Vázquez (1977) salienta que na filosofia marxista a práxis é utilizada para designar uma relação dialética entre homem e natureza, na qual o homem, ao transformar a natureza com seu trabalho, transforma a si mesmo e à sociedade. Gadotti (1995, p.30) tem entendimento assemelhado a Vázquez, pois evoca o

conceito de práxis na tradição marxista da educação, nesta a práxis significa ação

transformadora. Assim, visualiza uma pedagogia da práxis com o intento de projetar

uma educação transformadora. Nesta, percebe os educandos como seres criadores, sujeitos da história, “que se transformam na medida em que transformam o mundo”. Para Freire (2005), a possibilidade de transformação relaciona-se à capacidade de ação e reflexão dos sujeitos.

Em Freire (1998), a práxis é ação e reflexão, engajamento com o compromisso da transformação social.
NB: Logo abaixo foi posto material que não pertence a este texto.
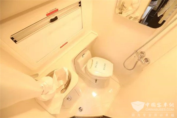 卫生间内除了赛特福德抽拉式马桶和洗手池外,本车卫生间还配备了20L的行车热水器,无需等待热水随时可用。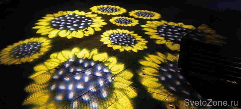 Мощный гобо прожектор с переменным фокусным расстоянием (zoom оптикой), предназначенный для проецирования изображений в комбинации с возможностью смены цвета и другими специальными эффектами.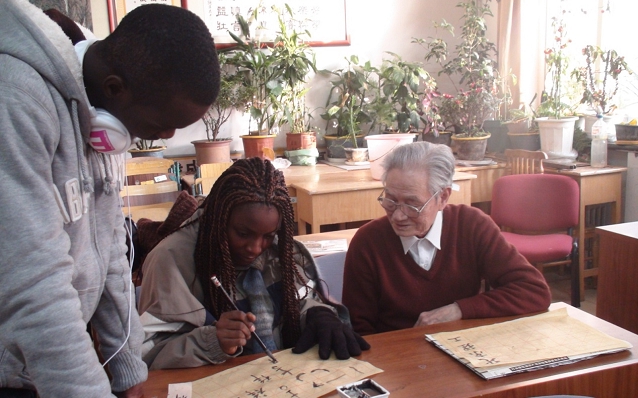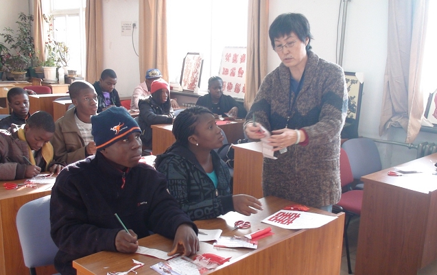 1月12日,冬令营来到远志楼,与老干部处书画协会和有才艺专长的老教师进行了交流。老同志们教这些热爱中国文化的尼日利亚年轻人学习中国传统的剪纸、国画和书法。老干部处的郑炎书记亲临课堂,向营员们介绍主讲老师,与他们交流心得感受。上午,林老师向营员们介绍了剪纸技法,她展示的剪纸作品令营员们赞不绝口,那些生动的剪纸图案极大地激发了他们的学习兴趣,个个热情高涨。在林老师的指导下,营员们学剪了“囍”字、以及苹果、老虎等图案。 活动结束时,营员们的裁剪作品已经有模有样,林老师挑选了优秀作品,还给作者颁了奖。下午,伍老师和徐老师教营员们学习国画和书法。徐老师开场为营员们简单介绍了中国传统国画和书法艺术,并且为每位营员取了一个中文名字,让他们学习中文名字的写法。营员们对于自己的中文名字表现出了极大的兴趣,纷纷向陪同人员询问自己名字的意义,还一遍遍地确认中文名字的准确发音。最后,营员们在宣纸上写下了“中国——尼日利亚友谊长存”几个大字。活动后,营员们纷纷表示受益匪浅,并且对中国传统文化产生了更加浓厚的兴趣。

Freire valoriza a prática, contudo, concerne à prática educativo-crítica da relação entre ensinar-aprender e aprender-ensinar em oposição à educação de transferência de conhecimentos. Diante disso, a reflexão sobre a prática incorre em uma exigência na relação teoria/prática, sem a qual a teoria esvai-se no discurso e a prática se dá pela primazia da ação. De forma assemelhada a Freire, Vázquez (1977), defende que a atividade prática pode se dissolver em atividade teórica. Conseqüentemente, a verdadeira concepção de práxis transcende a concepção teórica, sendo que é na prática que se efetiva como atividade social. Vázquez (1977, p.6) defende que a práxis “marca as condições que tornam possível a passagem da teoria à prática, e assegura a íntima unidade entre uma e outra”. Freire (1997) salienta que a práxis educativa necessita se dar em um contexto concreto, social, cultural, econômico e político.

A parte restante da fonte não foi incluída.